Levantaron la vista y vieron que Josh Harms, con una sonrisa en los labios, se metía la pistola en la cintura.
—Los dos somos abogados —dijo Fiske, intentando recuperarse, sujetando aún con fuerza a Sara.
—Ya se sabe que nadie es perfecto —dijo Josh.
Rufus apareció detrás de su hermano.
—Gracias —dijo en voz baja.
—Espero que ahora nos crea —dijo Fiske.
—Sí, pero no voy a aceptar su ayuda.
—Rufus…
—Hasta hoy, todos los que han intentado ayudarme han muerto. Menos Josh, y hace un momento nos hemos salvado por los pelos. No quiero más cargos de conciencia. Ustedes dos métanse en el avión que decían y desaparezcan ya de una vez.
—No puedo hacerlo. Era mi hermano.
—Haga lo que le dé la gana pero sin mí. —Se acercó a la ventana y observó como el jeep salía disparado en dirección norte. Hizo un gesto a Josh—: ¡Andando! A saber cuándo puede cogerles la venada de volver.
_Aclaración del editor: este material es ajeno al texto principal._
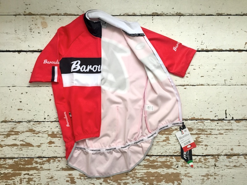 As a reference, I’m 5’9, 75 kilos, with a 97cm chest, and according to Parentini my sizing should be leaning towards a medium.  The Captain pictured above, is 6’2 and 73 kilos and is seen above wearing a medium too.  It took several comparissons of ‘umming and ahhing’ between the medium and the large to ensure the right fit.  After all, Parentini are keen to point out that in order for the jersey to do its job well, it needs to be ‘race fit.’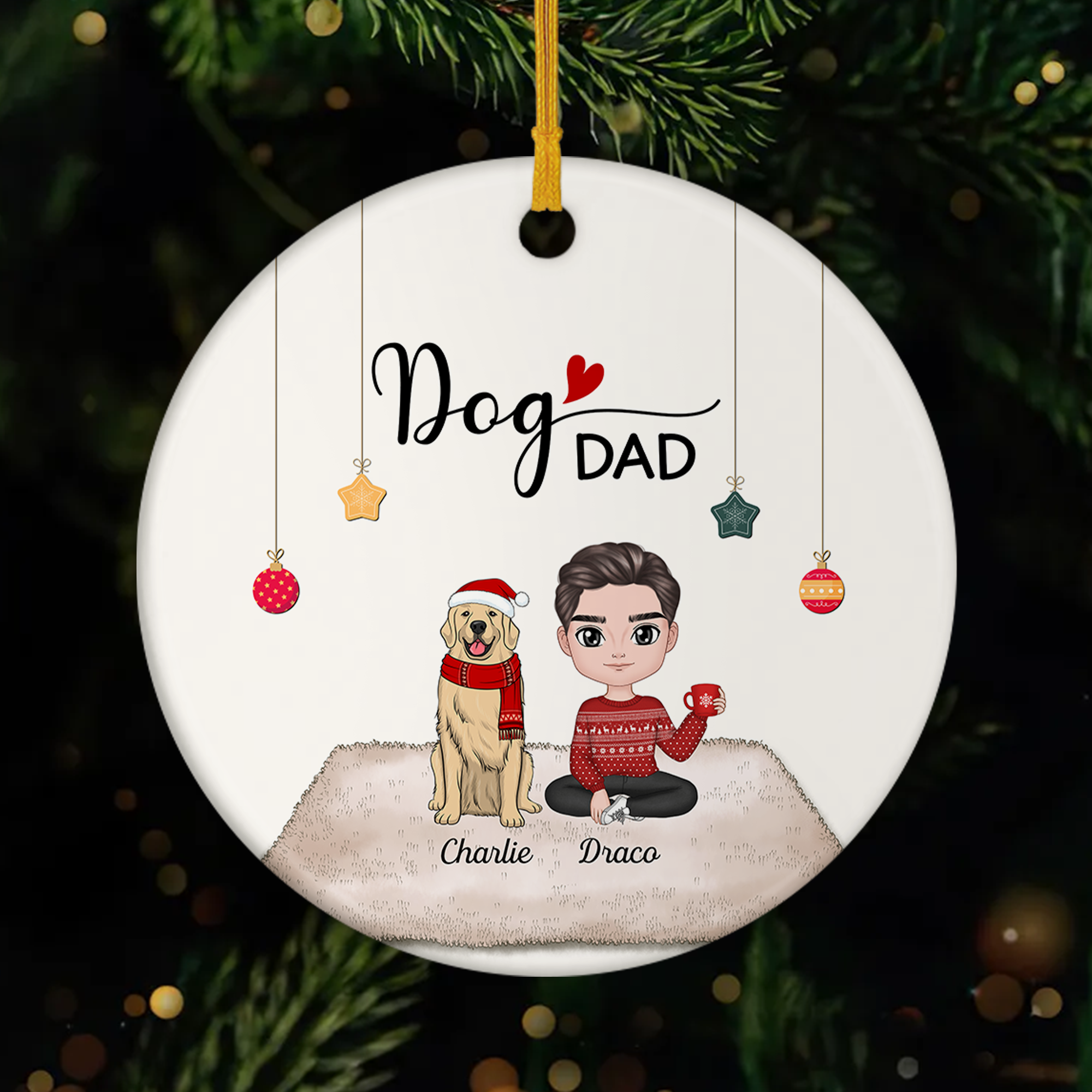 Personalized Dog Dad Christmas Ceramic Ornaments

Se disponían a marcharse cuando Fiske cogió algo del bolsillo y se lo entregó a Rufus.
—Ahí tiene mi tarjeta. En ella encontrará el teléfono de mi despacho y de mi casa. Reflexione sobre lo que hace, Rufus. Solo no llegará a ninguna parte. Cuando se dé cuenta de ello, llámeme.
Quedó sorprendido al ver que Sara le cogía la tarjeta y escribía algo detrás. Se la pasó luego a Rufus.
—Le dejo los teléfonos de mi casa y mi coche. Llámeme a uno u otro, de día o de noche.
Aquella inmensa mano se acercó lentamente y cogió la tarjeta. Rufus se la metió en el bolsillo de la camisa. Un minuto después Sara y Fiske se encontraron solos. Se miraron de nuevo, agotados. Transcurrió un minuto antes de que Fiske rompiera el silencio.
—Tengo que admitir que hemos estado en un tris de tener que despedirnos de todo.
—No quiero tener que volver a hacerlo nunca más, John.
Sara fue tambaleándose hacia el lavabo.
—¿Adónde va?
Ella no se molestó ni en volver la cabeza.
—Al baño. A menos que quiera que vomite aquí mismo.